* MATERIAL FOR THE TASK:
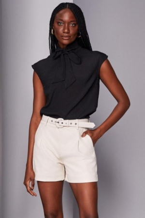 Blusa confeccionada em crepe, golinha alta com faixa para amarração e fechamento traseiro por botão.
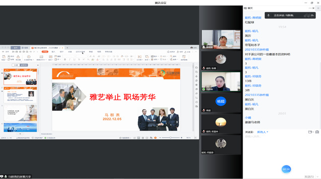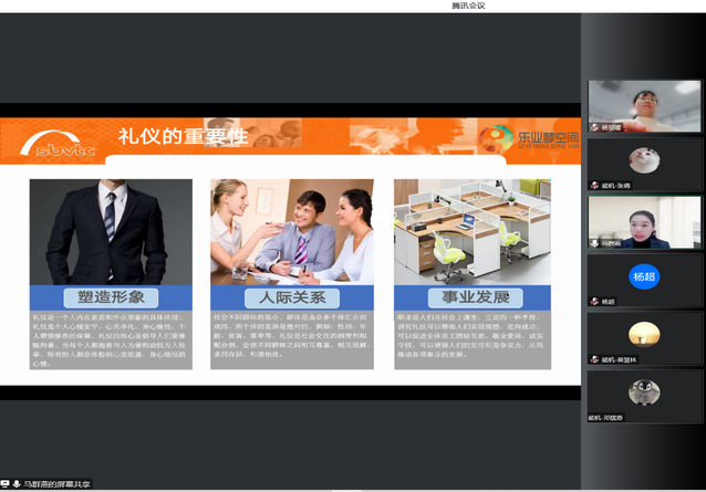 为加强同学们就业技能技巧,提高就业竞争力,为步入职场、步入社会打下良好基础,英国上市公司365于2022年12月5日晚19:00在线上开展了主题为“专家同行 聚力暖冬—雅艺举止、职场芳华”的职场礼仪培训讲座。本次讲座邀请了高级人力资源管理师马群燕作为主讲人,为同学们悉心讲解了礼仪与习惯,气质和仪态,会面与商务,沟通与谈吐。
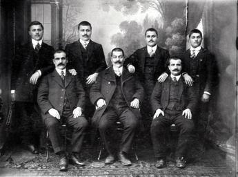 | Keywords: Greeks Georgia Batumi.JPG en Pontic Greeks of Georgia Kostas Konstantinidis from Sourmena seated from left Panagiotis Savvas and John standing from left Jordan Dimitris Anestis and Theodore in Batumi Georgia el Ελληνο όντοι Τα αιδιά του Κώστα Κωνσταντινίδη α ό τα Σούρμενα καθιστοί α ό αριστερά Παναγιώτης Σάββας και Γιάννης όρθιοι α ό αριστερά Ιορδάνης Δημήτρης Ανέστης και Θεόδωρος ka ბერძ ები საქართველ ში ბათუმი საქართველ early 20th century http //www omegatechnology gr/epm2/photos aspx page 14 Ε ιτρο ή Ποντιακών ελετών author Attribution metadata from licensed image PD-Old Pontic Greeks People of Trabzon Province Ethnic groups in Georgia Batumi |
--
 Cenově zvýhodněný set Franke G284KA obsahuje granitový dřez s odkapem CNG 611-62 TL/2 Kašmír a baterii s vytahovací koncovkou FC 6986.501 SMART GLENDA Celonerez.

* GOAL OF THE EXERCISE: Though the entries above contain pictures, none should be copied; reproduce only the lines between the one holding "Blusa confeccionada em" and the one holding "Georgia Batumi |", inclusive, exactly as written.

* REPLY TO THE TASK:
 Blusa confeccionada em crepe, golinha alta com faixa para amarração e fechamento traseiro por botão.
 为加强同学们就业技能技巧,提高就业竞争力,为步入职场、步入社会打下良好基础,英国上市公司365于2022年12月5日晚19:00在线上开展了主题为“专家同行 聚力暖冬—雅艺举止、职场芳华”的职场礼仪培训讲座。本次讲座邀请了高级人力资源管理师马群燕作为主讲人,为同学们悉心讲解了礼仪与习惯,气质和仪态,会面与商务,沟通与谈吐。
 | Keywords: Greeks Georgia Batumi.JPG en Pontic Greeks of Georgia Kostas Konstantinidis from Sourmena seated from left Panagiotis Savvas and John standing from left Jordan Dimitris Anestis and Theodore in Batumi Georgia el Ελληνο όντοι Τα αιδιά του Κώστα Κωνσταντινίδη α ό τα Σούρμενα καθιστοί α ό αριστερά Παναγιώτης Σάββας και Γιάννης όρθιοι α ό αριστερά Ιορδάνης Δημήτρης Ανέστης και Θεόδωρος ka ბერძ ები საქართველ ში ბათუმი საქართველ early 20th century http //www omegatechnology gr/epm2/photos aspx page 14 Ε ιτρο ή Ποντιακών ελετών author Attribution metadata from licensed image PD-Old Pontic Greeks People of Trabzon Province Ethnic groups in Georgia Batumi |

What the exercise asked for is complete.